━━ DATA IN THIS EXERCISE ━━

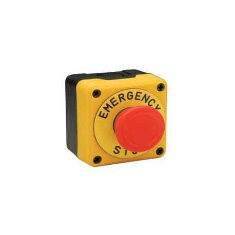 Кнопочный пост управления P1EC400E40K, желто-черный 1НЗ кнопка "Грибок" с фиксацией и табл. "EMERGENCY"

━━━
━━ DATA IN THIS EXERCISE ━━

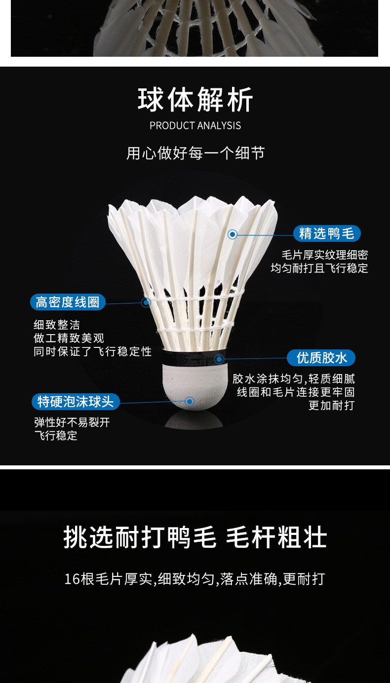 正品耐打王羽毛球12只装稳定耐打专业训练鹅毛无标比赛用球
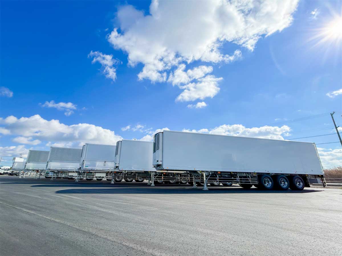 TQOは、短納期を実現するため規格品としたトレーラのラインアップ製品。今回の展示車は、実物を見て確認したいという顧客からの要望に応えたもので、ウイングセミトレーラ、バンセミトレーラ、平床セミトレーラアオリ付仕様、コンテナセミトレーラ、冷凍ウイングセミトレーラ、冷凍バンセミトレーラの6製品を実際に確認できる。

━━━

## WORK INSTRUCTION
Within the listing above, the stretch from the line with "正品耐打王羽毛球12只装稳定耐打专业训练鹅毛无标比赛用球" down to the line with "TQOは、短納期を実現するた" is to be given again exactly, end lines included and pictures excluded.

## RESPONSE TO THIS TASK
 正品耐打王羽毛球12只装稳定耐打专业训练鹅毛无标比赛用球
 TQOは、短納期を実現するため規格品としたトレーラのラインアップ製品。今回の展示車は、実物を見て確認したいという顧客からの要望に応えたもので、ウイングセミトレーラ、バンセミトレーラ、平床セミトレーラアオリ付仕様、コンテナセミトレーラ、冷凍ウイングセミトレーラ、冷凍バンセミトレーラの6製品を実際に確認できる。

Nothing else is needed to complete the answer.